[time-nuts] getting accurate timing on RTL-SDR output

Magnus Danielson magnus at rubidium.dyndns.org
Fri Apr 13 16:47:40 EDT 2018


Hi Jim,

On 04/13/2018 06:52 PM, Jim Lux wrote:
> I'm building a phased array receiver (actually, an interferometer) using
> RTL-SDR pods, where the elements are isolated from each other - there's
> a common WiFi network connection, and each node has a BeagleBone Green,
> a uBlox OEM-7M-C, and the RTL-SDR V3 (which works down to HF, since it
> has an internal bypass around the RF front end).
> 
> In general, I have the RTL-SDR set up to capture at 1 Megasample/second.
> I fire off a capture, record it to a file in the BeagleBone's flash,
> then retrieve it from my host computer using scp over the network.
> 
> What I'm trying to do is capture data from all the nodes at
> (approximately) the same time, then be able to line it all up in post
> processing. The GPS (or NTP) is good enough to get them all to start
> recording within a few tenths of a second.
> 
> So now the challenge is to "line em up".  An obvious approach is to
> transmit an inband pilot tone with some sync pattern, received by all,
> and I'm working on that too.
> 
> But right now, I have the idea of capacitively coupling the 1pps pulse
> from the GPS to the antenna input - the fast rising and falling edge are
> broad band and show up in the sampled data.
> 
> The attached pulses1.png shows the integrated power in 1 ms chunks (i.e.
> I sum the power from 1000 samples for each chunk) and it's easy to see
> the GPS edges.  And it's easy to create a estimate of the coarse timing
> (to 1 millisecond) - shown as the red trace.
> 
> But then, I want to get better.  So for the 20 edges in my 10 second
> example, I plotted  (drift1.png) the raw I/Q output of the RTL.  The
> pulse isn't too huge (maybe 10 DN out of the ADC's -128 to +128 range),
> but is visible. Bottom trace is the first, and they're stacked up
> 0, 0.1, 1.0, 1.1, 2.0, 2.1, etc.
> 
> And you can see, no surprise, that the sample clock in the RTL isn't
> dead on - over the 10 seconds, it looks like it drifts about 30- 50
> microseconds - that is, the RTL clock is slow by 3-5 ppm.
> 
> SO here's the question for the time-nuts hive-mind...
> What's a good (or not so good) way to develop an estimator of the
> timing/frequency error. Post processing minutes of data is just fine..
> 
> I'm not sure what the actual "waveform" that is being sampled is (and it
> will be perturbed by the quantization of the ADC, and probably not be
> the same depending on where the RTL is tuned).  That is there's some
> sort of LPF in the front of the RTL, the edge is AC coupled, and then it
> goes into some sort of digital down converter in the RTL running at 28.8
> MHz sample rate.
> 
> But it seems that there might be some way to "stack" a series of samples
> and optimize some parameters to estimate the instantaneous time error-
> given that the frequency vs time varies fairly slowly (over a minute or
> so).  It's fairly obvious from the plot that if one looked at the
> "single" sample when the edge comes in, not only does the time shift
> with each pulse, but the phase rotates as well (totally expected)
> 
> this is one of those things where you could probably lay a ruler on it
> and estimate it by eye pretty well, but I'd like an automated algorithm.
> 
> It would be nice to be able to estimate the timing to, say, a few
> nanoseconds over a minute or so ( - that would allow a phase estimation
> of 1/10th of a wavelength of a 20 MHz signal (e.g. Jupiter's RF noise,
> or WWVH's transmissions)
> 
> 
> Ideas???

Cross-correlate. Hug your Fourier transform as you do it.
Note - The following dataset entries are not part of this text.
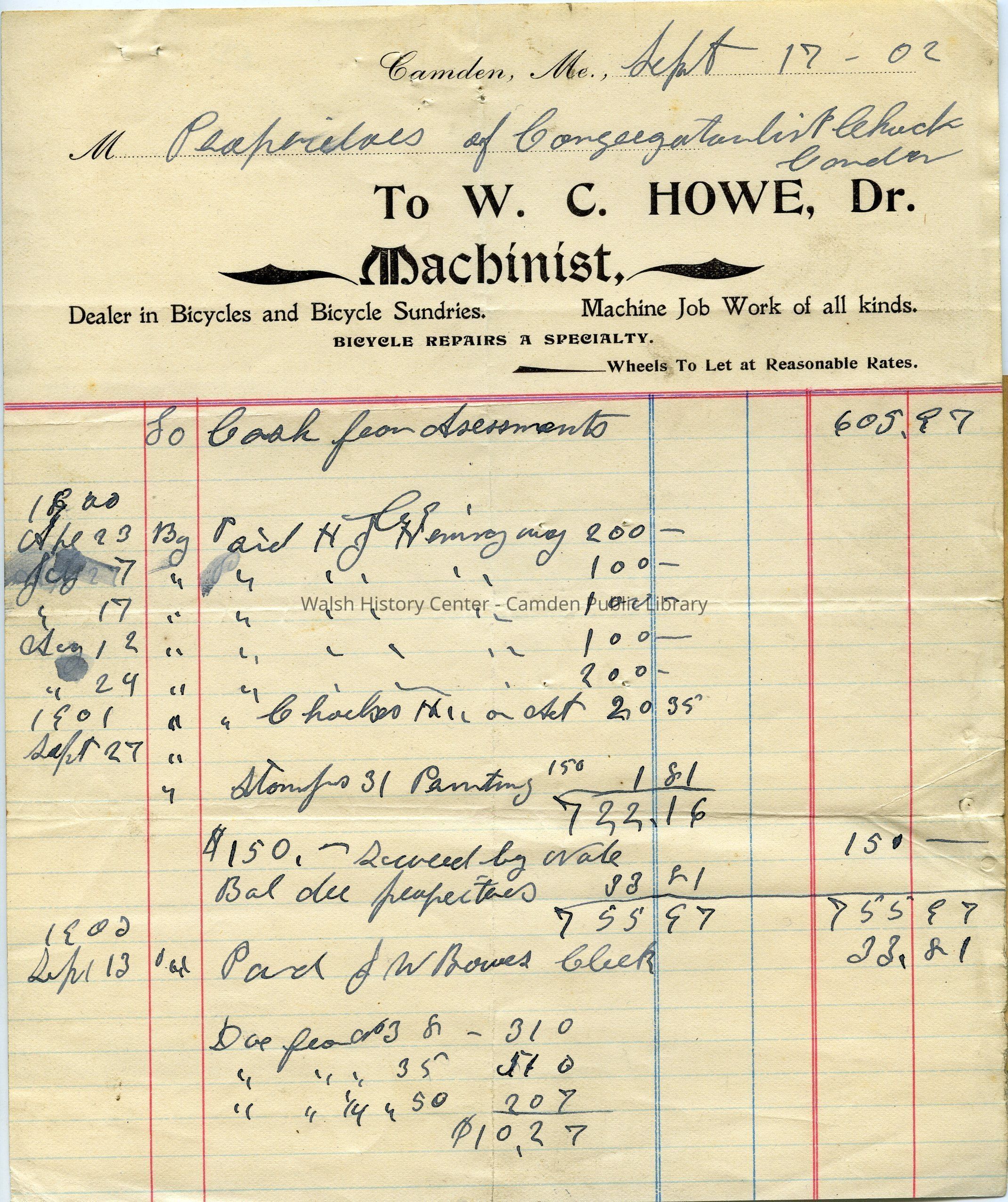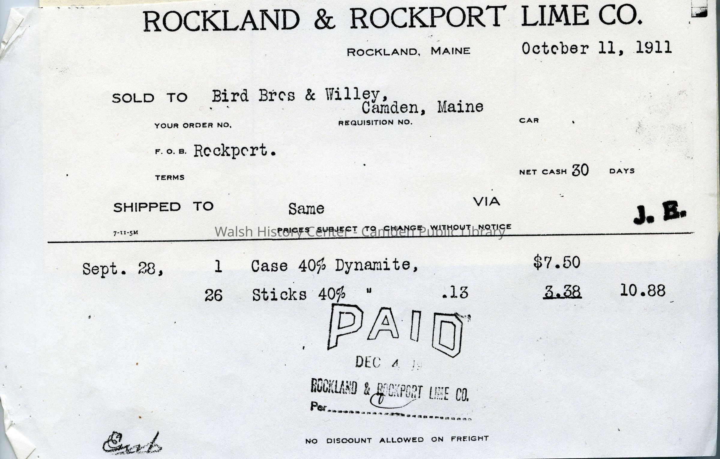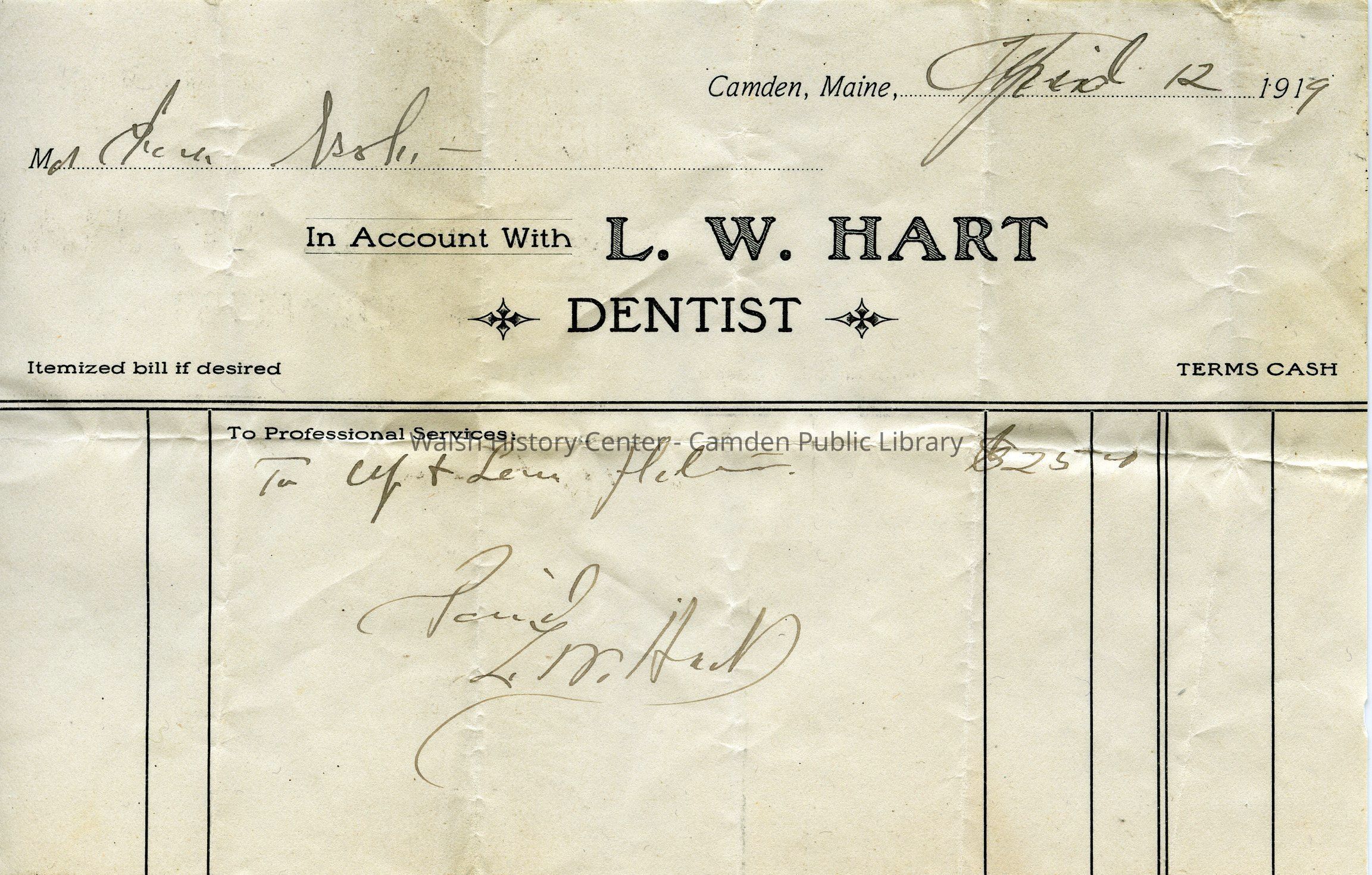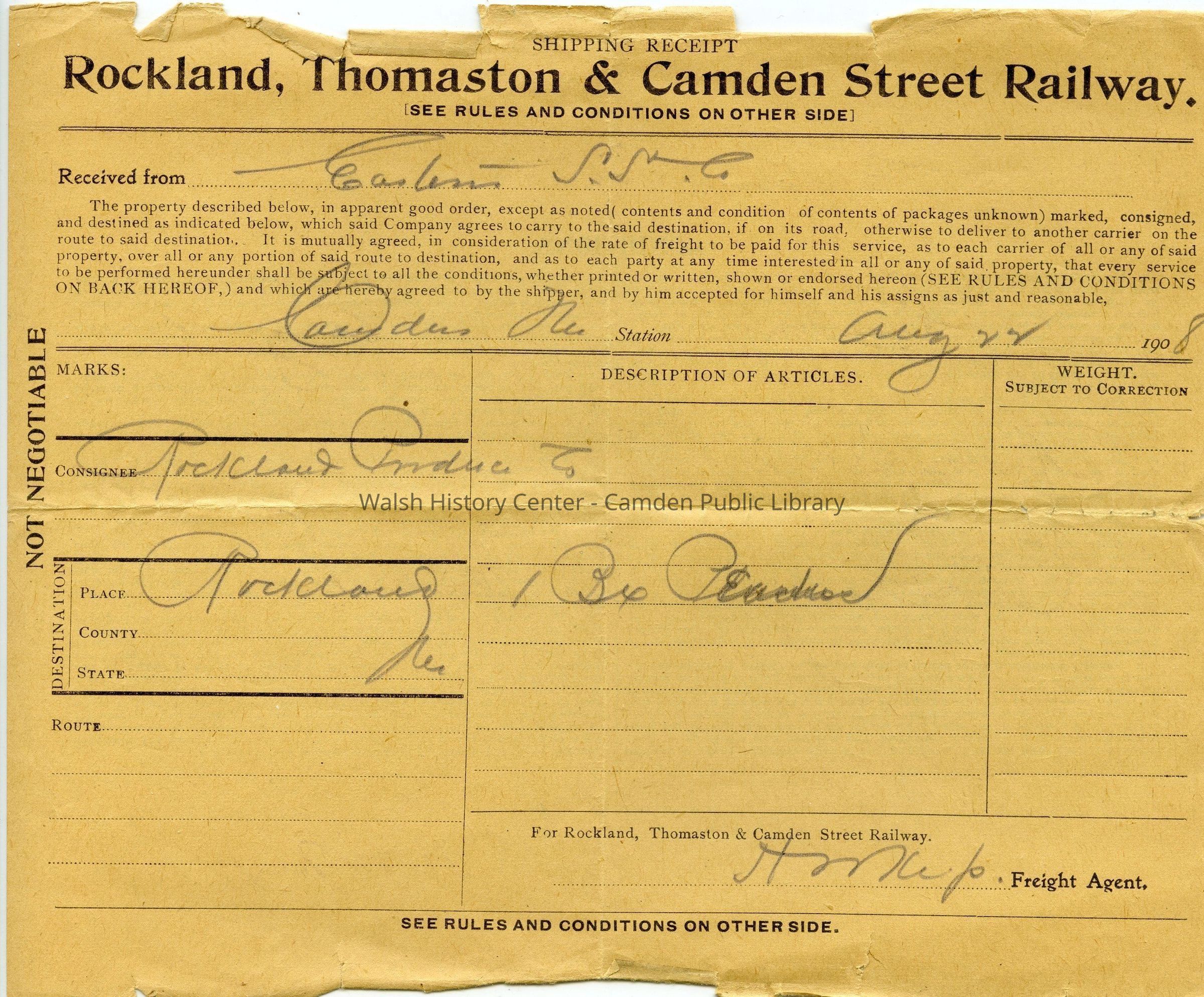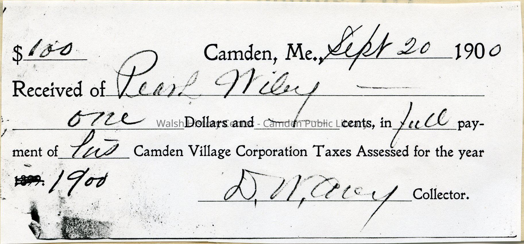 Contains billheads, stationery, bills, letterheads, and receipts from several Camden area businesses. These items date from the 1880's through the 1950's. Partial list of businesses represented: G.W. Achorn; Allen Insurance Agency; Ayers Market; Bay View House; Bay View Street Garage; Boynton's Pharmacy; Brown & Hobbs lumber; Brown's Market; Camden Anchor-Rockland Machine Co.; Camden & Rockland Water Company; Camden Farmer's Union; Camden Lumber Company; Camden Publishing Company; Camden Yacht Building and Railway Company; Carleton, Pascal & Co.; J.C. Curtis Hardware; Follansbee & Wood; Haskell & Corthell; J.H. Hobbs Company; Lenfest's Automotive Service; J.L. Locke; Maiden Cliff Rebekah Lodge; Maine Insane Hospital; The Megunticook Press; A.H. Parsons; Pendleton Dairy; S.G. Ritterbush, contractor; Rockland, Thomaston & Camden Street Railway; S.E. & H.L. Shepherd Company; TalbotArchive Details
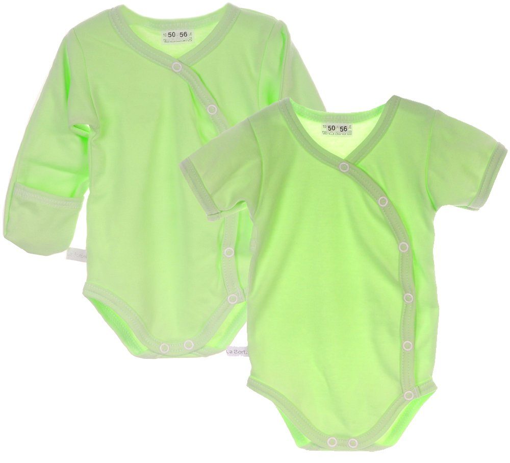 Dieser praktische 2er-Pack Bodys besteht aus einem Langarmbody und einem Kurzarmbody, beide in frischem Apfelgrün und als Wickelbodys gestaltet. Hergestellt aus 100% reiner Baumwolle, bieten sie optimalen Tragekomfort und sind besonders sanft zur empfindlichen Babyhaut. Die Wickeloptik ermöglicht ein einfaches An- und Ausziehen, was besonders im Alltag von Vorteil ist. Der Langarmbody eignet sich hervorragend für kühlere Tage, während der Kurzarmbody perfekt für warme Tage oder als leichte Schicht darunter ist. Dieses Set vereint Funktionalität und Stil und ist ideal für jede Garderobe Ihres kleinen Schatzes!
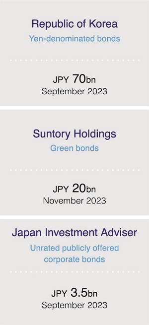 Mizuho Securities has earned a first–class reputation as an industry leader in bond underwriting operations backed by proven skills in proposing solutions inherently–suited to market conditions and issuer needs, an ability to determine prices that accurately reflect investor demands, an incomparable responsiveness to market changes, and a strong track record in bond sales.
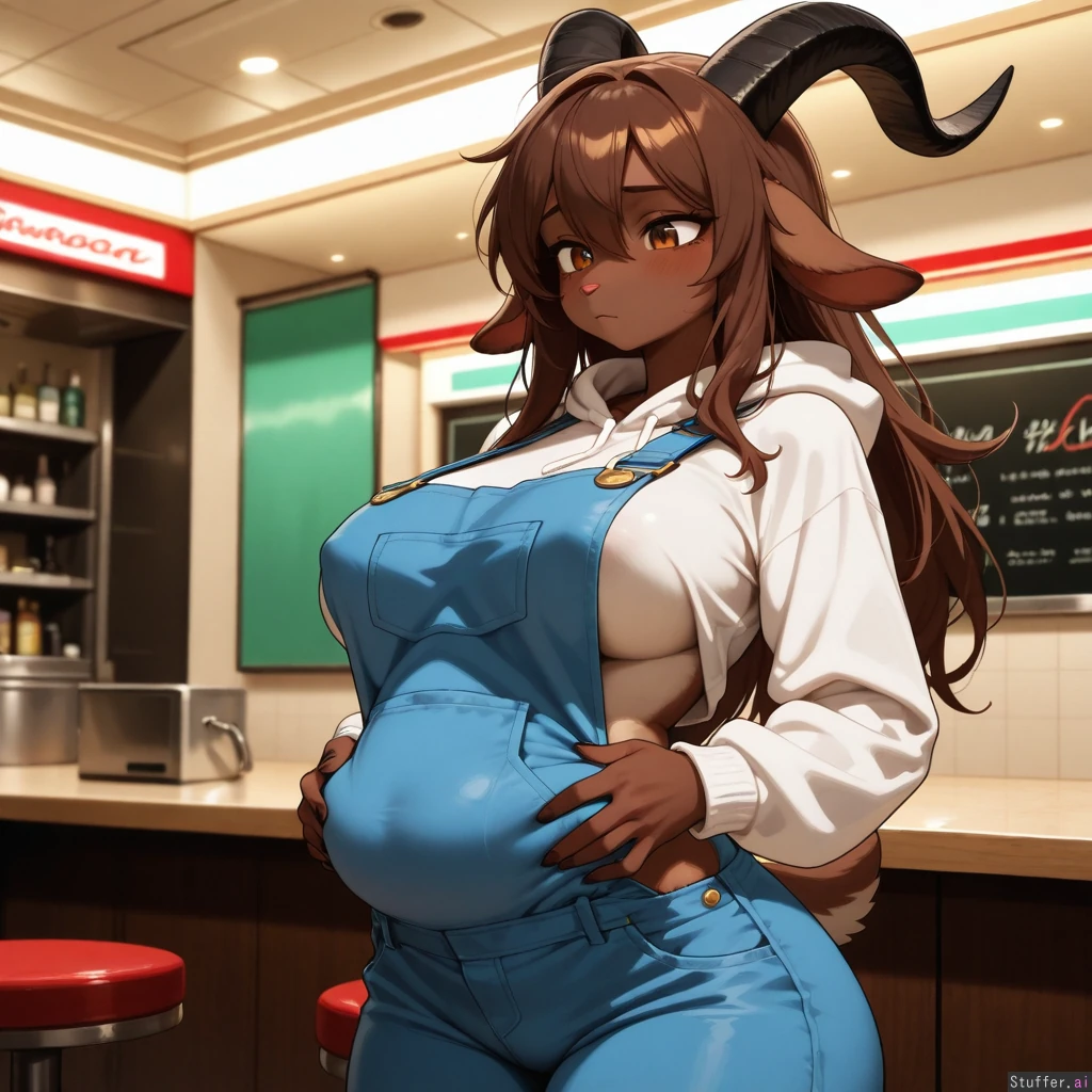 Amazing quality, High Rating, high definition, HD, defined outlines, furry art style, beautiful_eyes, sharp shadows, vibrant lighting, single, solo, one(1) character, furry, anthro, anthro goat, caprine species, white hoodie, opaque clothes, cloth wrinkles, breasts, long hair, dark brown fur, shy, wide hips, overalls, partially exposed waist, holding_belly, diner background, nipple outline, (overall, its a masterpiece of furry art, with amazing defined outlines)
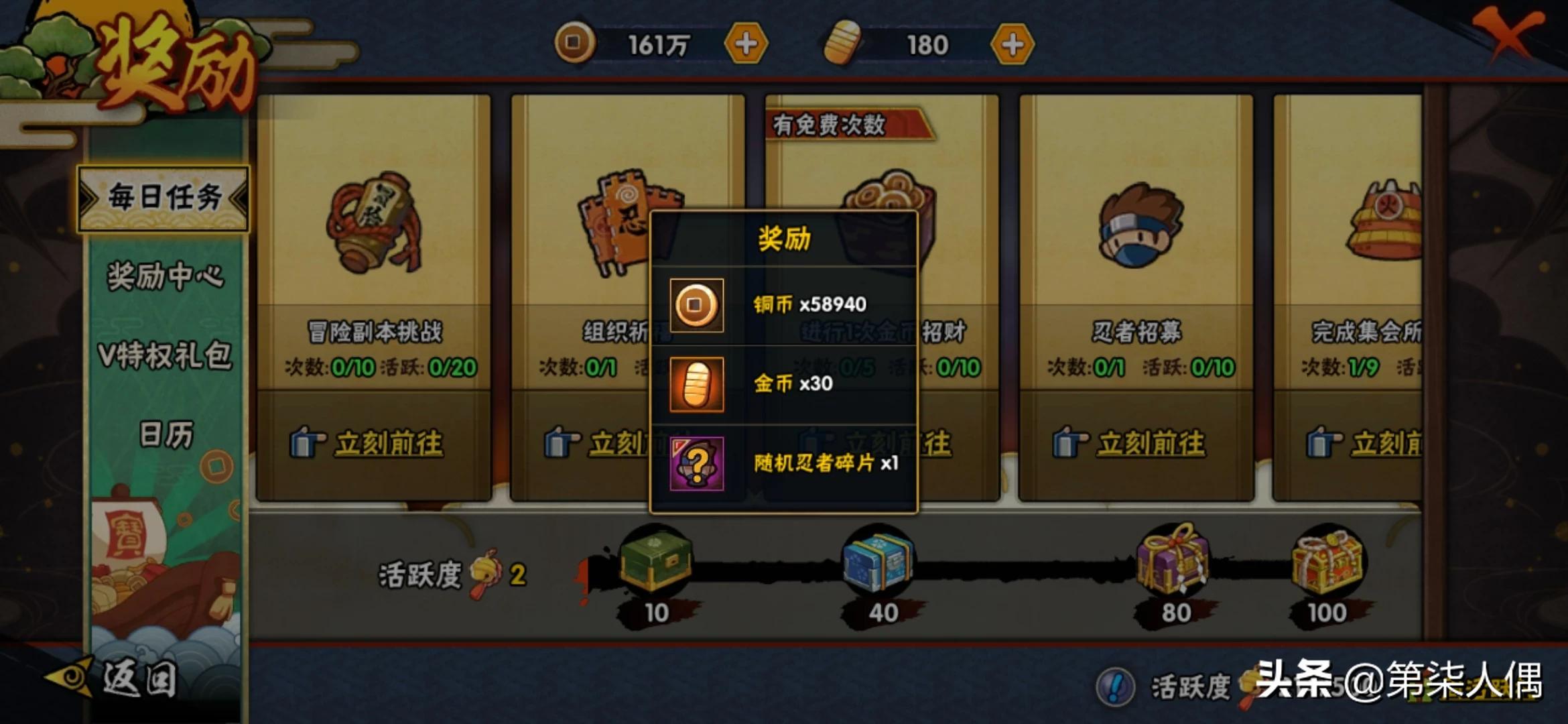 活跃度奖励:每天的“每日任务”做满,开活跃宝箱能得到固定的金币奖励。
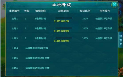 3)土地可以升级,提高收益和减少种植时间。土地需要手动升级,并且消耗一定的元宝,具体升级操作在管理界面进行。
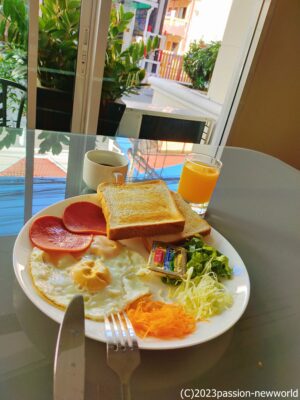 トースト2枚にバターと目玉焼き2つ。キャベツ、レタス、ニンジン、そしてハム2枚。値段相応で質素ではある。コーヒーは飲み放題。
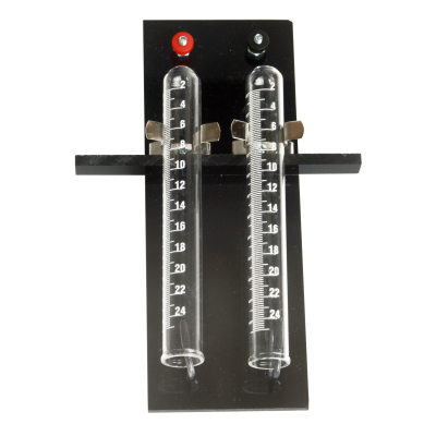 - The black acrylic background aids in viewing the water level while supporting the test tubes
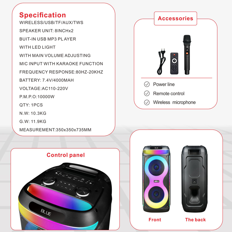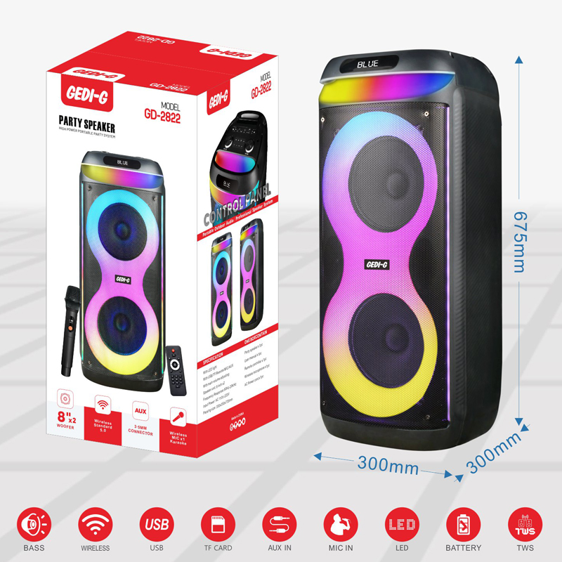 Аккумуляторная колонка 2*8″ 80Вт Gedi-2822

Assume that you have a rough idea where the pulse occurs for each SDR.
FFT with a suitable window function each record.
Using one as reference, you then multiply the complex response with the
reference conjugated response.
Ether compare in the frequency domain or do inverse FFT and search the
time-domain for peak response.

This is how modern GPS receivers to quick lockup of phase, and it works
very well. Using an FFT library i could code it in relative little C
code and setup my classic channel decoder this way.

Now, use this to compare your SDR clocks compared to the reference. As
they drift over time the windown need to shift, but you can keep track
of the number of samples shifts to keep full track of it. This should
give you enough phase and frequency information. Toss in a least square
or Kalman if you think it would help.